Although the Philadelphia School Reform Commission has delayed opening several charter schools for financial reasons, eight more proposed city charters have received charter planning grants.
The charter hopefuls were given grants ranging from $38,200 to $50,000 to help flesh out their proposals over the next three years, the state Department of Education announced yesterday.
The federal goverment provided the funds, but the state evaluated the applications and selected the winners.
The grant winners include a proposed seventh- through 12th-grade school that would prepare students for construction jobs and an elementary school focused on children whose families are immigrants from the former Soviet Union.
"Right now most of our parents are Russian, and most of the people who are interested in this charter come from immigrant backgrounds," said Ella Yaffa-Kremen, who hopes to direct the proposed school. "But it would not be closed off to everyone else."
She said the proposed Red Lion Charter School would stress foreign languages, performing arts and technology.
The founding group, Yaffa-Kremen said, has been meeting daily and hopes to submit its charter application to the district in October.
The roster of planned charters receiving grants also includes a high school for at-risk students. The group behind the proposed Learner Alternatives Charter School was rebuffed when it applied to operate a similar charter in Montgomery County.
The Cheltenham Township School District rejected the application for the Whole Life School for Learner Alternatives in January. Adjoining Springfield Township School District had granted the group a charter in 2006-07, but it had trouble finding a suitable building in Springfield.
Founder Gary Lee Sobolow said his group was still pursuing its proposal in Cheltenham.
"We are planning on going a second round with them," he said yesterday.
The charter school proposed for Philadelphia, Sobolow said, also would provide individualized instruction for students with specific learning difficulties, such as hyper-activity and attention-deficit disorder.
Others receiving planning grants include the Democracy in Action Charter School. The founding group of this proposed high school includes Simon Andrew Hauger, who oversees the Automotive Academy at West Philadelphia High School.
The founders envision a charter that would be "student-driven and project-based," said Hauger, whose automotive students have received international acclaim for winning Tour de Sol competitions with biodiesel cars.
He said the founders will use the grant money to develop the curriculum and refine their school model.

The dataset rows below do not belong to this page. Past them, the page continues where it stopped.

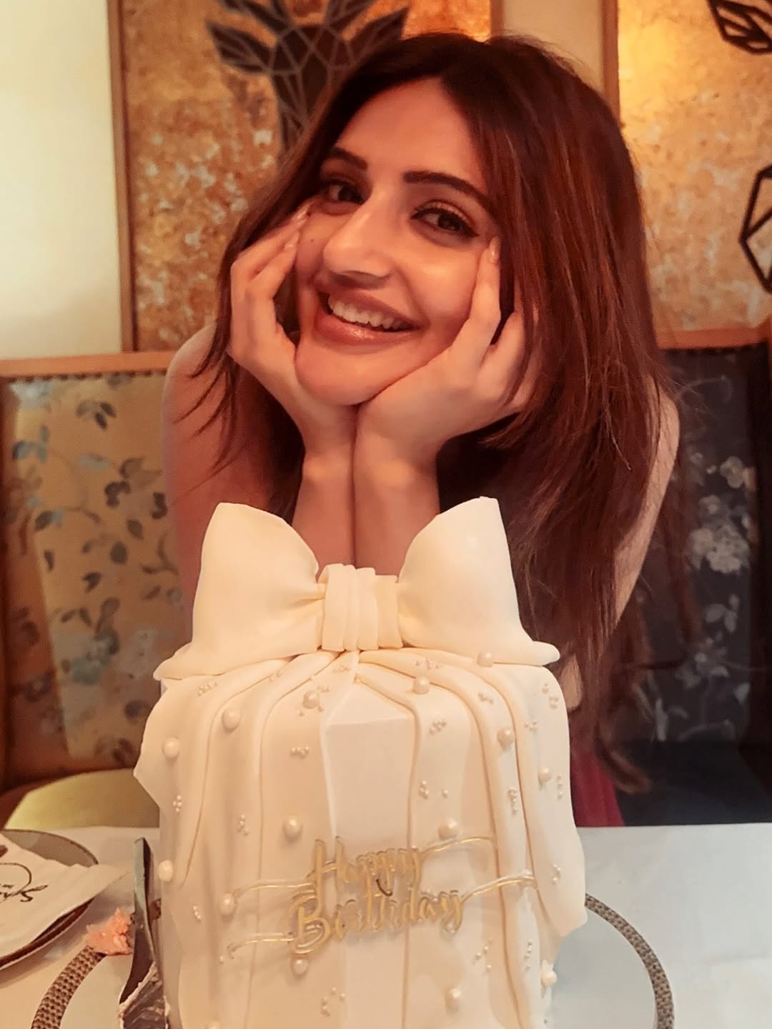 In the picture, Sreeleela is smiling warmly while resting her face on her hands in a cute pose. She looks stylish and graceful in a simple yet charming setting. In front of her is a wonderful birthday cake with a big bow on it. The cake adds happiness to the moment, reflecting the birthday vibes.
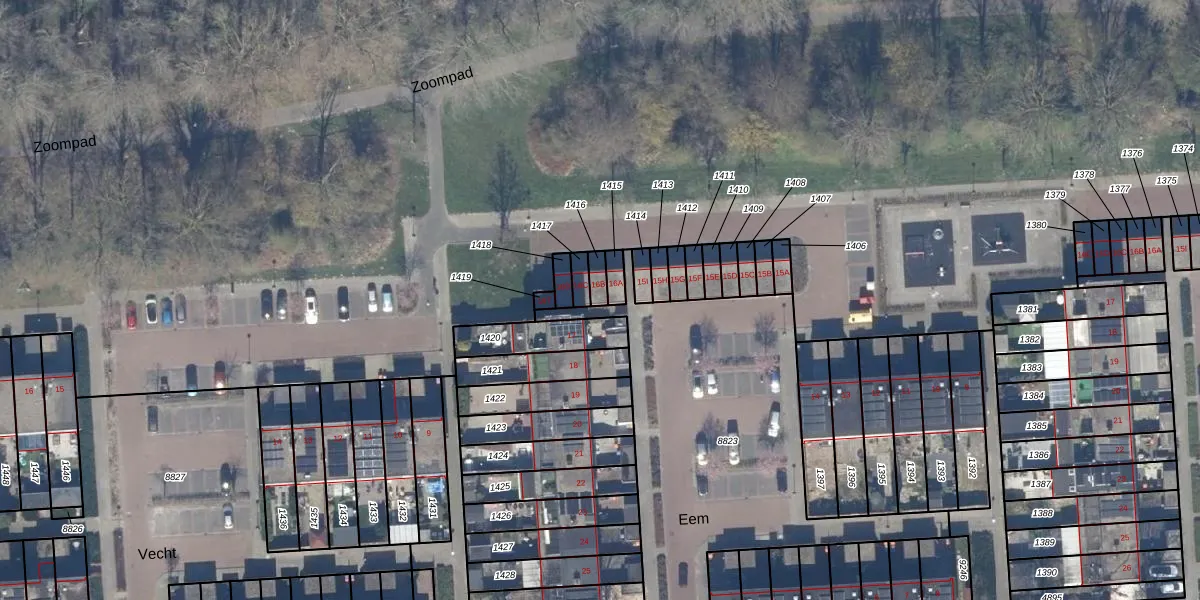 Gebruik de zoekbalk of klik op een perceel voor informatie over de adressen binnen dit perceel.
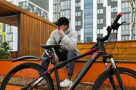 A man in a cap and a warm jacket enjoys a walk with a bicycle in the city
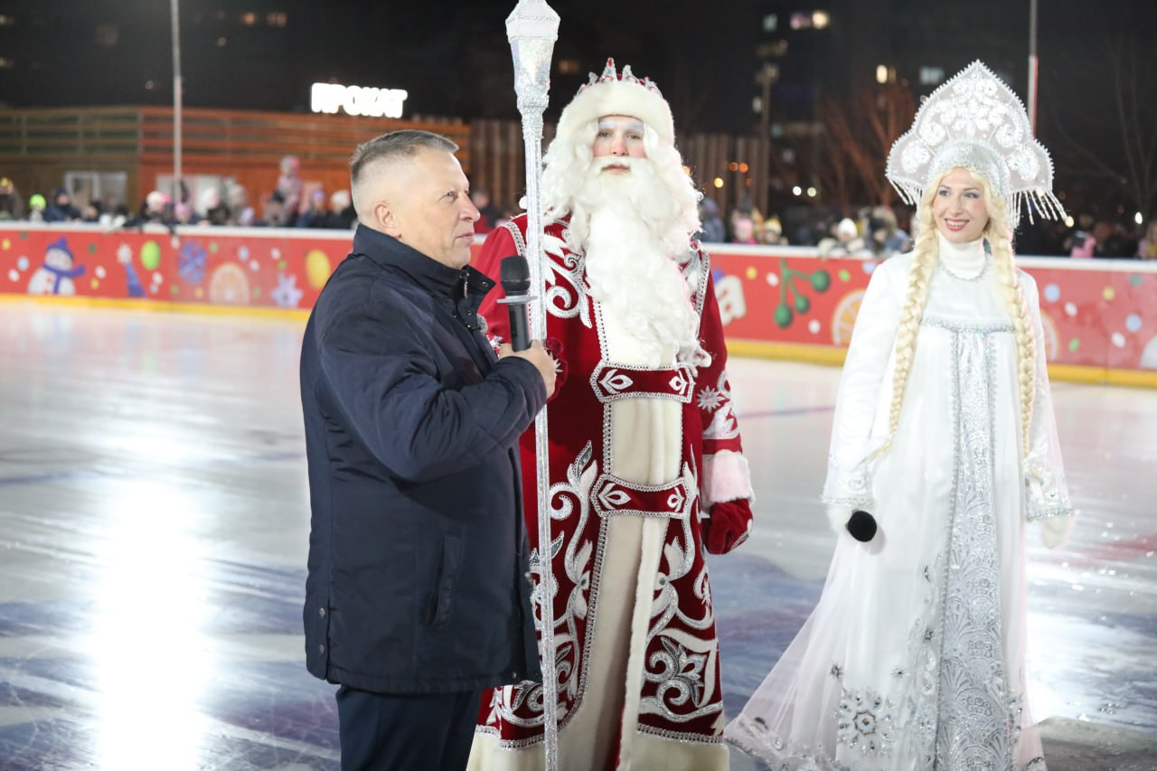 В 17.00 под традиционное «Раз-два-три, ёлочка, гори!» зажглись гирлянды на ёлке в Центральном парке и стартовало первое ледовое шоу на новом современном катке.
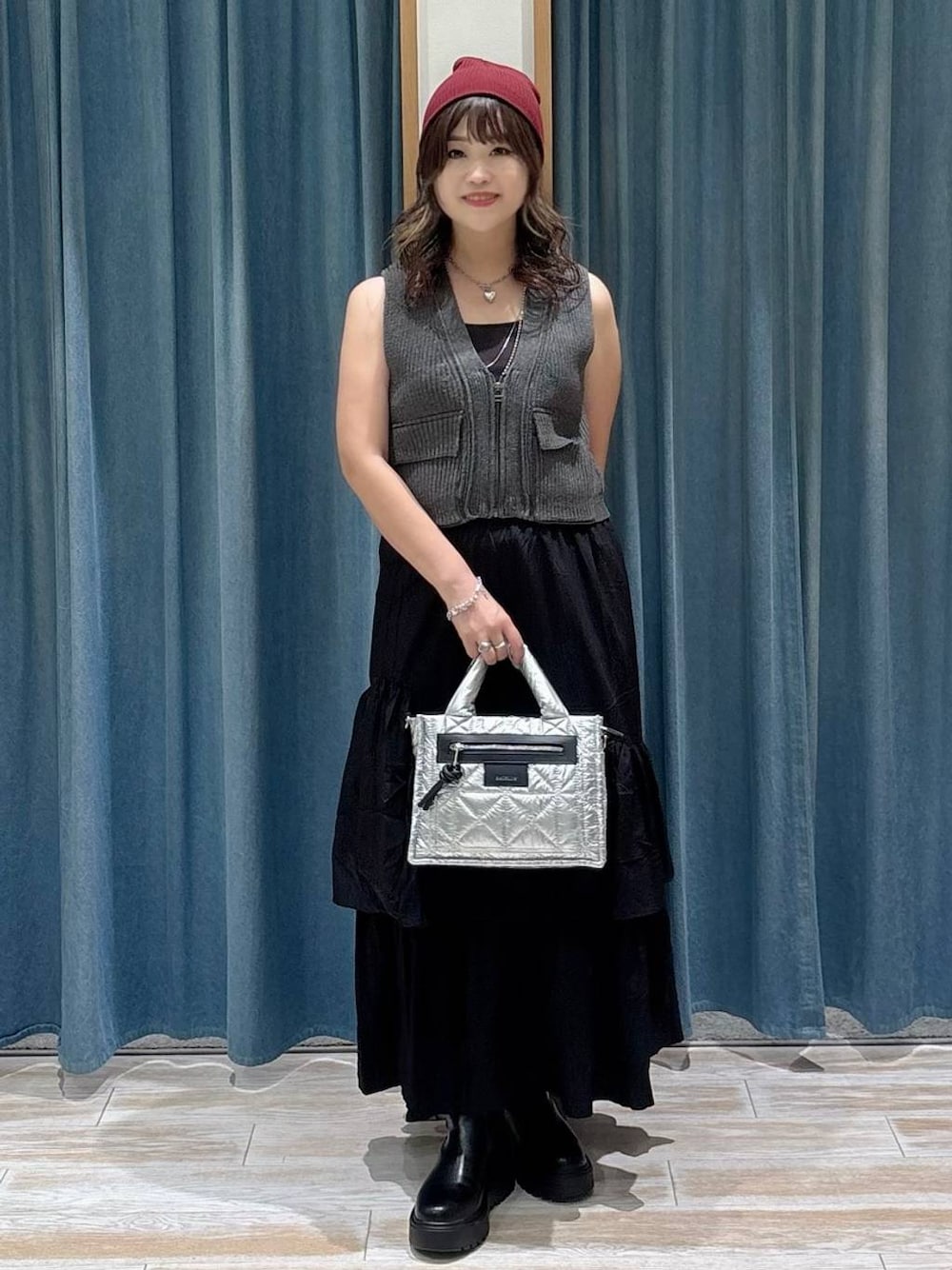 フリルスカートはフェミニンになりやすいですが 小物でハードな感じをだすと カッコよくきまります!
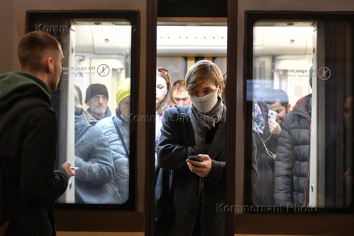 Меры предосторожности против коронавируса COVID-19. Жанровая фотография. Люди в медицинских масках в Московском метро.
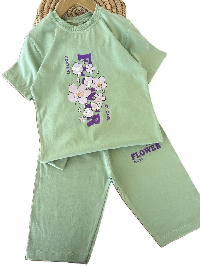 تیشرت و شلوارک راحتی دخترانه گل یخ
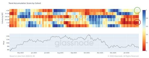 According to Glassnode data, the largest whales are in a "light accumulation" phase and have maintained a neutral-to-slightly-positive balance trend since bitcoin fell to $80,000 in late November. During this period, price has largely consolidated, trading within a $80,000 to $97,000 range through the end of January.

"I am excited to see where it leads," said Hauger, who will remain at the automotive academy in the fall.
The eight proposed Philadelphia charter schools were among 13 statewide that received a total of $600,228 in planning grants. The other grants were for proposed charters in the Bethlehem, Emmaus, Hazelton and Pittsburgh school districts.
Philadelphia will have 63 charter schools in the fall.
In May, the School Reform Commission gave conditional approval to seven more to open in 2009 - provided the school district has the money to pay for them.
More than 30,000 Philadelphia students are enrolled in charter schools.
Charters are publicly funded schools that are exempt from some state laws that apply to traditional public schools. During the 2008-09 academic year, the school district will pay city charters $8,088 for each student in regular classes and $17,658 for each in special education.